Access from Institution:
Machine translation offers the challenge of automatically translating a text from one natural language into another. Statistical methods - originating from the field of information theory - have shown to be a major breakthrough in the field of machine translation. Prior to this paradigm, many systems had been developed following a rule-based approach. This denotes a system based on a linguistic description of the languages involved and of how translation occurs in the mind of the (human) translator. Statistical models on the contrary use empirical means and may work with very little linguistic hypothesis on language and translation as performed by humans. This had implications for rule-based translation systems, in terms of software architecture and the nature of the rules, which were manually input and lack any statistical feature.
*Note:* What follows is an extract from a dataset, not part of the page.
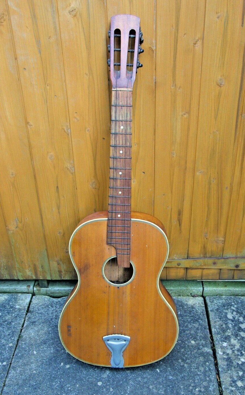Well here is a post on the probably less desirable (smaller) non cutaway vintage gypsy guitars. They have been made by the same luthiers and in the same way as the vintage Selmac type guitars: lightweight, ladder braced, floating bridge, laminated (often braceless and arched) back and sides and should also be strung exclusively with light gauge (gypsy guitar) strings. Maybe they deserve a little more recognition and if you own or have played some of these guitars then with your help this post could help people looking for a vintage gypsy guitar to know a little bit more about these models. There are quite a lot of these guitars out there, and only vintage ones (please correct me if i am wrong). The contemporary luthiers only build the big cutaway Selmac gypsy guitars if i am right. A lot of these vintage smaller sized gypsy guitars will probably end up being collected by our garbage men and women.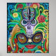 This Original Artwork is a colourful representation of Mardi Gras. Centred around a skull popping out of the unzipped head of a dancing girl . Adorned with wildflowers and roses with many green leaves, Mardi Gras beads, the fleur-de-lis, hearts and a colourful mask. The tradition of Mardi Gras is sure to pass from generation to generation lifting up our spirits with parade floats full of vivid colours, Jazz Music Playing in New Orleans with stories of Voodoo and people walking the street in unique costumes. Acrylics on Canvas – 2012

In the view of such diverging paradigms, we can imagine trying to combine both in a hybrid system. In the present work, we start by examining the state-of-the-art of both rule-based and statistical systems. We restrict the rule-based approach to transfer-based systems. We compare rule-based and statistical paradigms in terms of global translation quality and give a qualitative analysis of their respective specific errors. We also introduce initial black-box hybrid models that confirm there is an expected gain in combining the two approaches. Motivated by the qualitative analysis, we focus our study and experiments on lexical phrasal rules. We propose a setup allowing to extract such resources from corpora. Going one step further in the integration of rule-based and statistical approaches, we then examine how to combine the extracted rules with decoding modules that will allow for a corpus-based handling of ambiguity. This then leads to the final delivery of this work: a rule-based system for which we can learn non-deterministic rules from corpora, and whose decoder can be optimised on a tuning set in the same domain.
Supervisor: Koehn, Philipp; Osborne, Miles Sponsor: Engineering and Physical Sciences Research Council (EPSRC)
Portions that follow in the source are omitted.